Thursday, February 10, 2011

Blood and language in fiction

A little while ago I started dipping into the collection of James Tiptree Jr.'s science-fiction stories, Her Smoke Rose Up Forever. Tiptree was the pen name of a woman named Alice Bradley Sheldon, the subject of an amazing biography by Julie Phillips called James Tiptree, Jr.: The Double Life of Alice B. Sheldon. (More about that tragic double life here.)

So, how are the stories? In a word, grim. GRIM. As a feminist in the 60s and 70s, Sheldon was not optimistic about the patriarchy giving way to an egalitarian utopia. In the stories I've read so far, patriarchy is an overwhelming force, existing both outside and inside individual men, whose implacable goal is to wipe women off the face of the earth. For example, from "The Screwfly Solution," there's this scene of a man waking up from a dream about his wife and daughter:

A terrible alarm bell went off in his head. Exploded from his dream, he stared around, then finally down at his hands. What was he doing with his open clasp knife in his fist?

Stunned, he felt for the last shreds of his fantasy, and realized that the tactile images had not been of caresses, but of a frail neck strangling in his fist, the thrust had been the plunge of a blade seeking vitals. In his arms, legs, phantasms of striking and trampling bones cracking. And Amy--

Oh, god. Oh, god--

Not sex, blood lust.

Well, so, that's a bit heavy-handed. That's the definition of heavy handed. For us more literary writers, heavy-handedness is a no-no. It's not tempered, not nuanced. If you want to convey horror, let your readers divine it for themselves; there is no need for such verbal bludgeoning. It indicates a level of authorial rage that goes beyond the boundaries of the story, which makes us wonder, in an unseemly manner, about the author's personal problems.

Or so the conventional writing wisdom goes.

Here's another passage, from "The Last Flight of Dr. Ain," which is a little harder to dismiss from on high:

Under the whine of bulldozers the sea could be heard running its huge paws up and down the keyboard of the land.

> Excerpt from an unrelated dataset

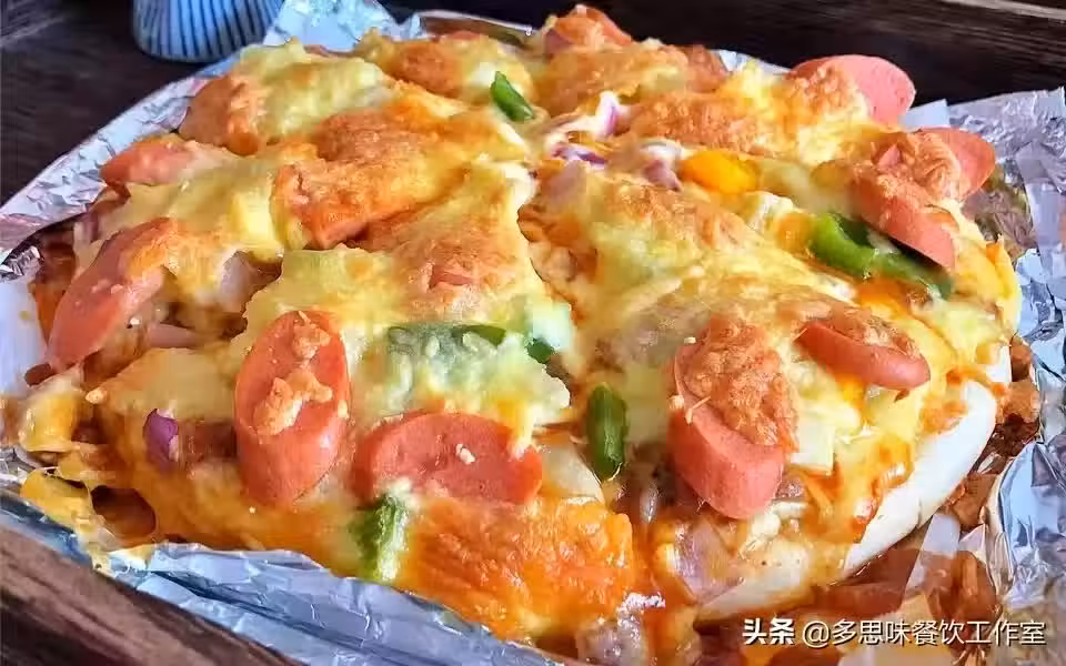 4、依次放入土豆塊和綠黃柿子椒,洋蔥丁,再鋪一層火腿片,最上面鋪一層芝士。

OK, workshoppers, have at it. What's wrong with this picture? The sea as a giant beast is all well and fine--but a beast that plays the piano (albeit probably badly)? When we think of paws on a keyboard, we may think of a cat *walking* on a keyboard--not deliberately "running its paws" over it. The image also suggests a side-to-side movement of the paws, whereas the motion of waves hitting the shore is back-and-forth, approaching and receding. In short it's not just a mixed metaphor, but a hash.

And yet it's compelling. The image has stuck with me for weeks. It may make little sense when looked at closely, but it's audacious and vivid. It took guts to create this image. Its sheer power makes my objections look like petty quibbling.

I can't bring myself to fully endorse the "Oh, god, Oh, god" school of writing. But after reading Tiptree, a lot of literary fiction looks, well, bloodless to me. We trade pure energy for decorum and significance, and at times we may give up too much.